Thursday, January 26, 2017

Most organizations conduct a regional salary review to determine if staff compensation is competitive in the marketplace. If salaries are too low, superior applicants may not consider employment with your organization. A similar situation exists for pricing of your product; a yearly pricing review may suggest your community needs an adjustment in order continue its appeal. As in the tale of The Three Bears, there is a price that is too high, another that is too low, and one that is just right.

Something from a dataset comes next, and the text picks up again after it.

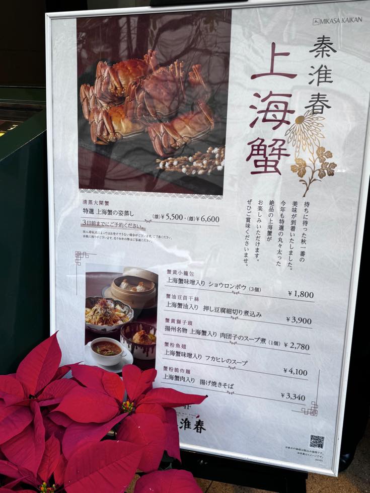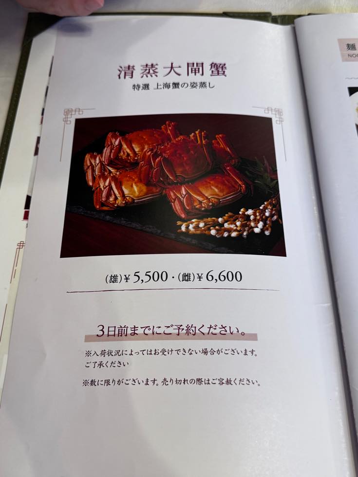 私にとっては、毎日のランチの金額ではなく特別な日の金額。、ああ上海蟹のメニューがいくつもあったから当たり前なんですが…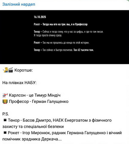 Згодом НАБУ оприлюднило подробиці операції з викриття корупції у сфері енергетики та частину перехоплених розмов.

Be sure to conduct research to determine a price that remains “in the sweet spot”. The comparable data you consider should include both competitors from the local area as well as your internal competitive product.

Pricing Sweet Spot

Price Too High

A yearly review can prevent you from pricing residences too high, which dis-incentivizes prospects from considering your community beyond learning the cost – prospective residents could be taking a pass on the community without conducting further research into the services provided. Your organization may offer a two-bedroom apartment that is larger than competitors, justifying a higher price. If this is so, be certain that printed materials highlight that distinction by listing square footage, allowing prospects to efficiently analyze and compare pricing. Likewise, if your service package is more expensive than the competition due to its depth and breadth, be sure those additional services are emphasized in promotions.

Price Too Low

On the other hand, extremely low prices may prompt the prospect to assume that your community isn’t worth the investment. To counter this assumption, use plentiful pictures of the grounds and buildings. Disprove unfair assumptions with pictures that paint a thousand words.

If your prices are far lower the general marketplace, you are “leaving money on the table” that could be used toward expansion of your mission.

Just Right Pricing

Price Just Right

So, what is that pricing sweet spot? Residences, services, and levels of care should be considered, as well as contract types and refund structures. If some of the residences within your community have created competition between product lines, factors such as location, new construction versus older homes, sizes, and views can all serve as considerations in determining a price that makes product differentiation both logical and obvious to prospects.

Right-pricing will create value in the mind of the prospect. David C. Alves is quoted as saying, “Seldom do we think about how seldom we think.” The beginning of the year is a good time to intentionally think about what is working and what needs attention. Begin with an assessment of product and price.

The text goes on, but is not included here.